The report found that Kilkenny and Dublin had the highest rates of business failures last year at 25 and 24 per 10,000 companies respectively, while Cork had an average of 12.

The arts and entertainment sector was the worst hit with 85 insolvencies per 10,000 companies. It was followed by travel and transport (47), and then health (36).

The report said retail (8), hospitality (16) and construction (15) had a much lower than expected level of insolvencies, and suggested this may be indicative of State supports targeting those job-intensive service sectors.

At the other end of the spectrum, the lowest rates of insolvencies were in the information and communications, professional, scientific and technical sectors. The report said this was partly due to the ability of those workers to easily transition to working from home.

Comparison

Overall, Ireland’s liquidation rate was 11 per 10,000 companies compared with 26 in the UK. Over the past 17 years, the UK had historically tended to be 35 per cent higher than Ireland in terms of this metric, the report said.

The rate in Northern Ireland was 14, which was significantly lower than Scotland (32) and England/Wales (32).

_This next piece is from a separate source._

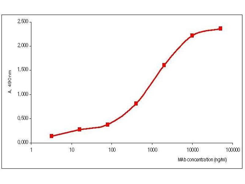 Suitable for use in ELISA and Western blot. Each laboratory should determine an optimum working titer for use in its particular application. Other applications have not been tested but use in such assays should not necessarily be excluded. Titration curve of C01345M specific to matrix protein M1 of Influenza B virus in indirect ELISA. Antigen: Influenza B/Tokyo/53/99 0.5ug/well

The report warned there was currently a debt overhang of at least €10 billion made up of warehoused Revenue debt, loans in forbearance, supplier debt, landlords, rates and general utilities.

“This is likely to mean that further support will be required for certain sectors,” said Mr Tyrrell. “Many of the 4,500 companies identified earlier will recover while the economy fully reopens but some will need to proactively repair their balance sheets.

“Many of these companies will need to restructure their debts and will likely look to formal processes such as the Government’s recently launched SME restructuring process and traditional processes such as examinership. We expect to see a step-up in restructuring throughout the course of 2022.”